Steps towards more comprehensive cancer dependency maps
A new study published today in Nature Communications and led by Francesco Iorio (Group Leader at the Research Centre for Computational Biology of Human Technopole) describes an unprecedented large integrative database of cancer dependencies.
Cancer dependencies are genes that are selectively essential to the survival of cancer cells, and whose study should be prioritised for the development of new oncology therapeutic targets.
A joint collaborative endeavour aiming to assemble a map of all cancer dependencies has been recently initiated jointly by the Wellcome Sanger Institute of Cambridge (UK) and the Broad Institute of Harvar and MIT (Boston). In January 2021, a call to action addressed to other research institutes and funding entities was published in Nature. Human Technopole has been the first Italian institute to answer this call, with a focus on brain cancers and computational methods.

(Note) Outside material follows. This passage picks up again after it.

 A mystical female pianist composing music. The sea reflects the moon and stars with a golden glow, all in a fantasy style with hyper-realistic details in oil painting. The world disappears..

A paper published within the Cancer Dependency Map collaboration in 2019 showed how cancer dependencies datasets generated independently by the Broad and Sanger institutes (through the CRISPR-Cas9 genome editing technology) yield consistent and reproducible results, despite significant differences in the underlying experimental pipelines. The study published today takes an important step further showing how newer and larger releases of the same datasets can be integrated to create more comprehensive maps of cancer dependencies, thus allowing a better representation of the huge variety of human cancers and providing increased numerical power for a number of novel analyses.

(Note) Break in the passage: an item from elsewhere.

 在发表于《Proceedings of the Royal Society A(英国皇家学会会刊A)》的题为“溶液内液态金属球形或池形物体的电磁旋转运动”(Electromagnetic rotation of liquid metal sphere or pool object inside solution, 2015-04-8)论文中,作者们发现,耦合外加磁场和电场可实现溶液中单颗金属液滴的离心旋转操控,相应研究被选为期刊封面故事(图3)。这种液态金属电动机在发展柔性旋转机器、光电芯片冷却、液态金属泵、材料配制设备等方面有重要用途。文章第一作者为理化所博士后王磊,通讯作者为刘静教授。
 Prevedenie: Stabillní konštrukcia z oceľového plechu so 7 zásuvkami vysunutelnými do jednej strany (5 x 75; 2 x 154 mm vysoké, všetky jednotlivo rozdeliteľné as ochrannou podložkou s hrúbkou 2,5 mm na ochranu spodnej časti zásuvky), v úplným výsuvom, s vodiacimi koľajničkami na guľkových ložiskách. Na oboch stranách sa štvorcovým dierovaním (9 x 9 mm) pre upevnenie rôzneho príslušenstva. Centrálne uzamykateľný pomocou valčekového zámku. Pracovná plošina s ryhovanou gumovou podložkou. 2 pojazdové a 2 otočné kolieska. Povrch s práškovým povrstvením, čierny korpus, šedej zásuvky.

The approach presented in this latest study also identifies standards and methods needed to properly integrate and merge CRISPR-Cas9 datasets that are being increasingly generated independently by different institutes. This will allow to assemble growingly comprehensive cancer dependency maps, which will progressively account for currently under-represented patient populations, ethnic minorities and rare diseases, in the hope of identifying new promising targeted therapies for every cancer patient.